> [The data]
-=-=-
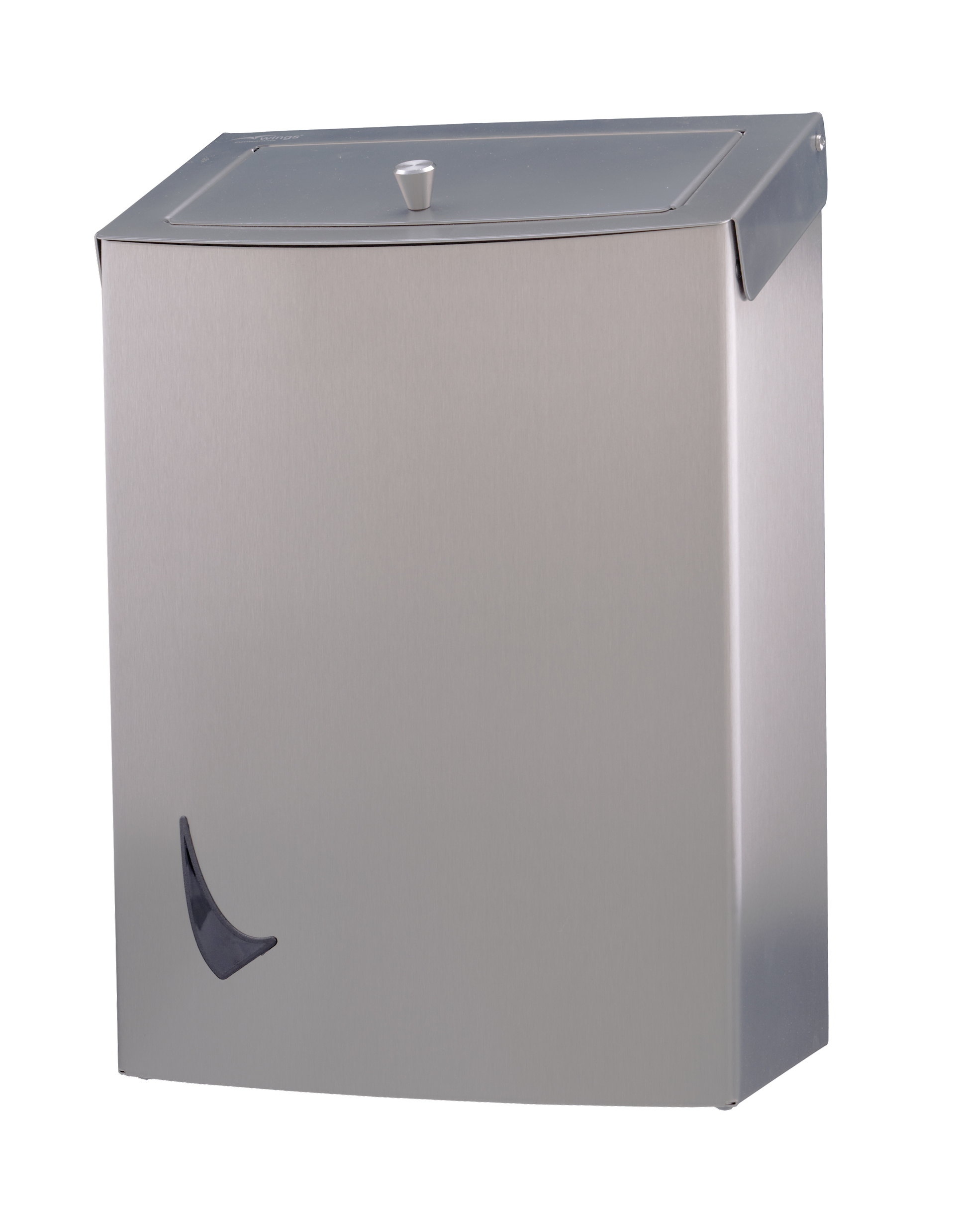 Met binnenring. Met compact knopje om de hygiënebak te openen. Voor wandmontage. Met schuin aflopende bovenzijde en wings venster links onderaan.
-=-=-
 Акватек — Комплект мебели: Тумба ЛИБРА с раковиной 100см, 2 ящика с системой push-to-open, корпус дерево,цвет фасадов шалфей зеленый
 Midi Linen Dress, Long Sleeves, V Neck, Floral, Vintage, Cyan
-=-=-
> [Task goal] Looking back over the data above, restate word for word the lines that begin at the line with "Акватек — Комплект" and end at the line with "Midi Linen Dress, Long", inclusive.

> [Output of the exercise]
 Акватек — Комплект мебели: Тумба ЛИБРА с раковиной 100см, 2 ящика с системой push-to-open, корпус дерево,цвет фасадов шалфей зеленый
 Midi Linen Dress, Long Sleeves, V Neck, Floral, Vintage, Cyan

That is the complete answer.